When Claire found out that Graham would be at the restaurant until closing, she refused to let Hazel go home without having dinner with them. It was the kind of motherly concern Hazel hadn’t had in years, and she found herself fighting back tears as she agreed to stay.
Red had been right that night on the beach: Claire really was a phenomenal cook. Tonight, the three of them sat around the kitchen table and ate prosciutto-wrapped salmon on a bed of lemongrass-and-chili rice. Like the last time she’d eaten at Red’s, Hazel was reminded how sick she was of takeout.
After dinner, Hazel said her goodbyes to Red and Claire and headed down the road toward Graham’s house. The sun was just beginning to set, bathing the streets in the soft orange glow of dusk. It was a pretty neighborhood, Hazel thought as she walked. Quiet and peaceful. The houses were all the same: big and angular with slanting roofs and meticulous front gardens. She crossed the street, took another right, and noticed that there was a bright light shining through the trees up ahead. Hazel remembered passing a community sports field with Red on the way to his house that first day—it must be the floodlights from that.
Curious, she walked in the direction of the lights until she arrived at the open gates of the stadium. She went through and came to a stop at the edge of the illuminated field. It was empty. Except no, wait, ther
e was someone there, tucked away in the farthest corner. Hazel knew it was Luca the second she laid eyes on him; she recognized him by his sandy-blond hair. He was sitting on the grass in the middle of the running track, his legs stretched out, scowling down at the ground.

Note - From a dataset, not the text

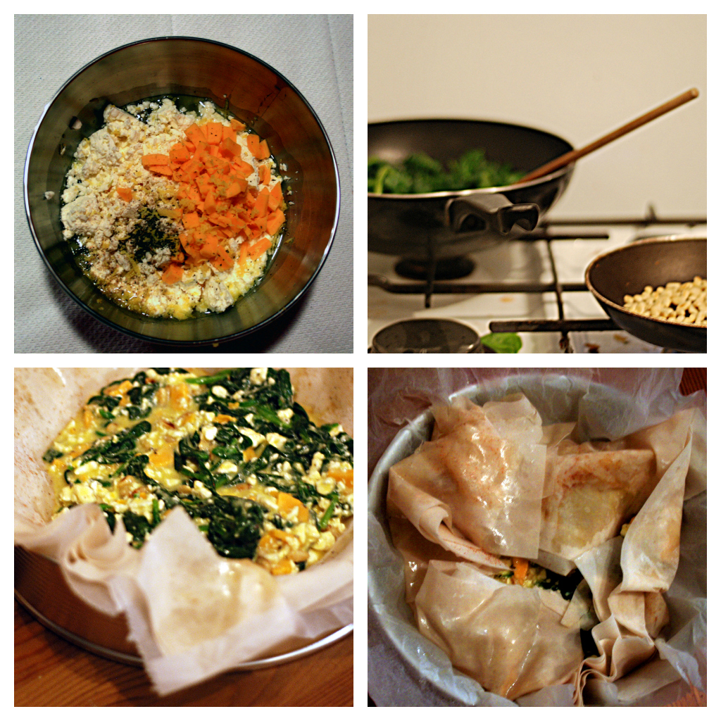 Hier dus mijn versie van Jamie's filodeegtaart met spinazie en feta.

Hazel felt a pang of sympathy for him. Red had told her that they’d moved to Port Sheridan because of something that happened to Luca in Sydney, but she didn’t know what. She did know that it had hit Luca really hard—not because of his anger, or the way he pushed everyone away—she knew because sometimes, when he thought no one was looking, his eyes went dark and it was clear that he was remembering. It was the same helpless, hollow look that filled her own eyes when her thoughts turned to home.
It was that that made her step forward out of the shadows and walk over to him—knowing that deep down, underneath it all, Luca felt the same sort of pain she did.
“Luca?” she said when she was close enough.
He started at the sound of her voice but didn’t respond.
“Luca,” she repeated, this time less tentatively, and he looked up. He didn’t say anything right away, and Hazel didn’t push him. She just waited.
“I used to be able to do ten laps around a track this size in twelve minutes.”
“So why can’t you now?”
“I’m not a runner. Not anymore.”
“Then what are you doing here?”
“It doesn’t matter!” he snapped. His eyes flashed with familiar anger and irritation. “You wouldn’t understand.”
Hazel exhaled, trying not to lose her temper at his defensiveness. How could she understand, when everything about him was shrouded in mystery?
“Look,” she said. “If it’s that important to you, just ask someone for help. That’s how it works, isn’t it? A problem shared is a problem halved?”
Luca glared up at her. “Who am I supposed to ask?”
“Anyone! Your brother? Hunter? Maddie? Even I could help, probably.”